By parsing a total grammar, we can collect multiple errors in malformed inputs, and the resulting partial output is much more useful than a traditional error result would be. We can traverse the output tree to report all of these errors back to the user in one pass. Furthermore, even with errors in the output tree, we still have enough structure to perform further semantic analysis. For instance, if we want to diagnose division by zero, which is syntactically correct but semantically invalid, we can do that here by looking for the "Div _ (Num 0)" pattern in the parse tree, and diagnosing where we find it, alerting the user to semantic errors they would otherwise have not seen until fixing all their syntax errors. A tool with this parser will be much more user-friendly than one that used a traditional parser that gave up on the first sign of a parse error.

Real world languages usually have grammars a lot more involved than this example, and thinking through every possible combination of tokens to give them specific treatment quickly becomes intractable. There's a more general fallback technique we can use to recover from parse errors. Language grammars tend to have natural synchronization points, intentional or not, that unambiguously delimit (or at least have a high likelihood of delimiting) independent subcomponents. For instance, C always ends statements with semicolons, and it groups expressions in matching pairs of parentheses, square brackets, or curly braces. It also reserves keywords like "struct", "if", "while", and so on that always introduce a new declaration or statement. Absent any more specific recovery, a good fallback strategy when a parse error is encountered is to scan ahead to one of these synchronization point tokens. Once a synchronizing token is found, the parser can unwind to the level of syntax the token indicates, filling in the incomplete tree underneath as best as possible. For instance, if a C parser encounters an error in the middle of an expression, it can start scanning, and if it finds a closing paren ")", it can match that to the previous "(" and complete the surrounding paren expression or argument list and continue parsing the expression grammar from there. Otherwise, if the parser finds a semicolon, it can complete the current partial statement and start parsing a new statement. If it finds a closing curly brace, it can match that to the previous opening brace, complete the compound statement, and start parsing a new statement or declaration afterward.

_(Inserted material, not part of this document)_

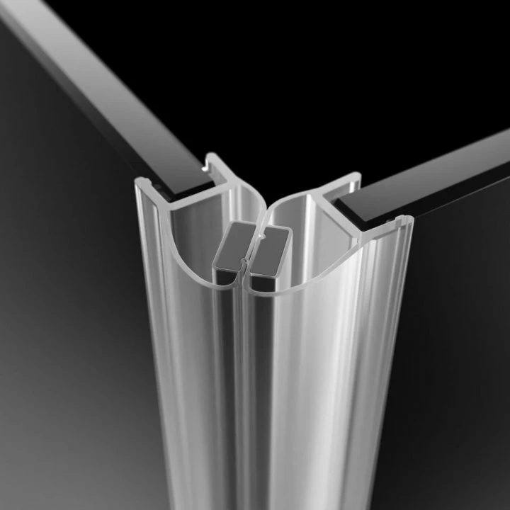 Cabina de dus este fabricata din sticla securizata cu grosimea de 6 mm, acoperita cu stratul EasyClean, care ajuta la pastrarea curateniei cabinei si faciliteaza procesul de intretinere al acesteia. Detaliile cromate elegante, balamalele cu mecanism de ridicare si coborare a usii, sistemul de ajustare a profilelor ce permite preluarea denivelarilor pana la 10 mm, garniturile pentru etansarea cabinei si masca superioara pentru profilul de perete, alcatuiesc o cabina estetica si spatioasa. Laturile cabinei sunt de 900 mm dreapta si 900 mm stanga (usa aflandu-se pe partea stanga), iar inaltimea cabinei este de 1950 mm.

Next time you need to write a parser for a configuration or programming language, hopefully this article gives some ideas on how to architect it in a way it can recover after parse errors, produce partial results when errors occur, and thereby allow your tools to give a higher-quality user experience. If you're designing a grammar from scratch, it's also good to think about how your grammar can be parsed in a recoverable way, by considering what kinds of errors or incomplete edits users may make, and what kinds of synchronization points you can design into the grammar so that a parser can recover from malformed input.